A new ambassador programme
The museum has also launched the V&A East Culture Council, which is a group of ambassadors that will seek to open up access to the arts and facilitate new creative opportunities. Ambassadors announced today include fashion label SR_A and A-Cold-Wall* founder and designer Samuel Ross, presenter and content creator Klaudia Fior, and Tito Mogaji and Soji Sonibare who co-founded east London-based community group Nourishment, which celebrates Black British creativity, art, ideas and culture.
The ambassador role will involve collaborating on a series of initiatives devised through partnerships with creatives and local communities as well as supporting V&A East’s community engagement and outreach programmes, co-creation projects and gallery displays.
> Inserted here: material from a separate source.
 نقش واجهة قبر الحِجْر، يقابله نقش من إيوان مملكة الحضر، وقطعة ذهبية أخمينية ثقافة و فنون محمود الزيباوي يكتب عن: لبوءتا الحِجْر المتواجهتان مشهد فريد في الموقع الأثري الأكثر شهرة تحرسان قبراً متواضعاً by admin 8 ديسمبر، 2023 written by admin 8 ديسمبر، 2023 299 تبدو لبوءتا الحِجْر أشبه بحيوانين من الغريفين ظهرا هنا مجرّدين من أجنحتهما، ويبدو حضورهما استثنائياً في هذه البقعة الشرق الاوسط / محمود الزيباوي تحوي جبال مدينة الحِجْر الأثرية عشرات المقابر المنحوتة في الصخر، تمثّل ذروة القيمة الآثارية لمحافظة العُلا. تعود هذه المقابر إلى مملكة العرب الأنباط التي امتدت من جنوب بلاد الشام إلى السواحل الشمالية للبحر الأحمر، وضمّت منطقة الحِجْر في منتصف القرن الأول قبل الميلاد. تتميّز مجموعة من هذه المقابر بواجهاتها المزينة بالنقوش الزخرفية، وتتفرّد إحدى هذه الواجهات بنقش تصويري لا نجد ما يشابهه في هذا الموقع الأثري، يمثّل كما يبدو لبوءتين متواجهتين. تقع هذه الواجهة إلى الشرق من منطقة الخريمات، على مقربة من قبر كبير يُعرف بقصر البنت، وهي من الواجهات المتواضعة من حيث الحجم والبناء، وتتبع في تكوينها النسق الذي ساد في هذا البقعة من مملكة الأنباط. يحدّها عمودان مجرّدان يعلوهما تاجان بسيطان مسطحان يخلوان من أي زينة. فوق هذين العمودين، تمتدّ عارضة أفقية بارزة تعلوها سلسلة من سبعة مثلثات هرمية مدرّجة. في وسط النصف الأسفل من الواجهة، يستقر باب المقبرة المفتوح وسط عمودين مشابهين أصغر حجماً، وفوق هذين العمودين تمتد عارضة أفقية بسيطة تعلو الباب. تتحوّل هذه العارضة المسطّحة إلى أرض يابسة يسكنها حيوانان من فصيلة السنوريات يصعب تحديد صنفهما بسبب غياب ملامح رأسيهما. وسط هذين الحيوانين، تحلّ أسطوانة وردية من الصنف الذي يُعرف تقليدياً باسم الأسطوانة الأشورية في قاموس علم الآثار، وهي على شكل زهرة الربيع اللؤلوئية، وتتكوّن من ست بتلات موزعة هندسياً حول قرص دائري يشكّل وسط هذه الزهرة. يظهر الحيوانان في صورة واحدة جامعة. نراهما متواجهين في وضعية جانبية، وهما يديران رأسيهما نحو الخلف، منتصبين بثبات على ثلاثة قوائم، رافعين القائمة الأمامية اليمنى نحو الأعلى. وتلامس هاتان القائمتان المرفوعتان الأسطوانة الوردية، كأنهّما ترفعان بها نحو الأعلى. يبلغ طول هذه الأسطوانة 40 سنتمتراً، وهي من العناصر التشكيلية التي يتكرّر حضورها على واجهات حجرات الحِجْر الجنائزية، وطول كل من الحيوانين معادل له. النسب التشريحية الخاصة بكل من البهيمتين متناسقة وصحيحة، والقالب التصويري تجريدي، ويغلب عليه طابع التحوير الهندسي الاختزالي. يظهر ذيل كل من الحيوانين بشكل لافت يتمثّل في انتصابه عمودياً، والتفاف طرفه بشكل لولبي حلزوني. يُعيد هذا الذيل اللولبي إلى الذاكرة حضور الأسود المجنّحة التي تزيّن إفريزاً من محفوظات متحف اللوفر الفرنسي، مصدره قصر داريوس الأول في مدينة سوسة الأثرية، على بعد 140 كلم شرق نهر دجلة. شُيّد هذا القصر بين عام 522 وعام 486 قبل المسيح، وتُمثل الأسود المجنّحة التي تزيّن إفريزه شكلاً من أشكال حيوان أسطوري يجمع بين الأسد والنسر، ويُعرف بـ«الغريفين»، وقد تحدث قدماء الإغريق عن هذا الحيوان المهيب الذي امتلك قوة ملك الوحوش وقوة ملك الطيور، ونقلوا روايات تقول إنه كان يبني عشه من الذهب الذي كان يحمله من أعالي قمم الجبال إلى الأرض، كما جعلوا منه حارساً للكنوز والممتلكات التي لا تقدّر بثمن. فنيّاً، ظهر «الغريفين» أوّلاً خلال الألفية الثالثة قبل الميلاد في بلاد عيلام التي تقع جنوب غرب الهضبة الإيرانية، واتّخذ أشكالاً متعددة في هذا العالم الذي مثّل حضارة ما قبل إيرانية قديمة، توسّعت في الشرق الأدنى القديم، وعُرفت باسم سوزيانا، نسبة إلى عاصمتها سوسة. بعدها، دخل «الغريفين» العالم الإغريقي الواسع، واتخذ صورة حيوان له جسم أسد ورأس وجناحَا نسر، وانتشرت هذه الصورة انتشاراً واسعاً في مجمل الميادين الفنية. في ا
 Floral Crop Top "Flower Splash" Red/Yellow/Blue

They will also be responsible for creating content for V&A East’s digital and social media channels and participating in mentoring and skills-sharing initiatives, in a bid to increase access and representation within the arts and highlight the opportunities available in the creative industries, according to the V&A. The museum expects the roster of ambassadors to grow every year.
Celebrating Black British music
V&A East has also announced its first exhibition – The Music is Black: A British Story – which is due to open in 2025. Spanning from 1900 to the present day, the exhibition will focus on how Black British music has shaped British culture, “from Carnival to club nights, recording studios and record shops, MC battles, festivals, and more”, says the V&A.
The Music is Black: A British Story will also look to address the social, historical, and cultural context behind Black music in Britain, shedding light on a variety of music genres, from Brit Funk to Lovers Rock, 2 Tone, Jungle, Ragga, Drum & Bass, Trip Hop, UK Garage, and Grime. Visitors can expect to see paintings, prints, playbills, and posters, sculpture, TV, fashion and textiles, photography and film, as the exhibition will aim to “tell a broader story of Black British music and its cultural impact beyond sound”, says the museum.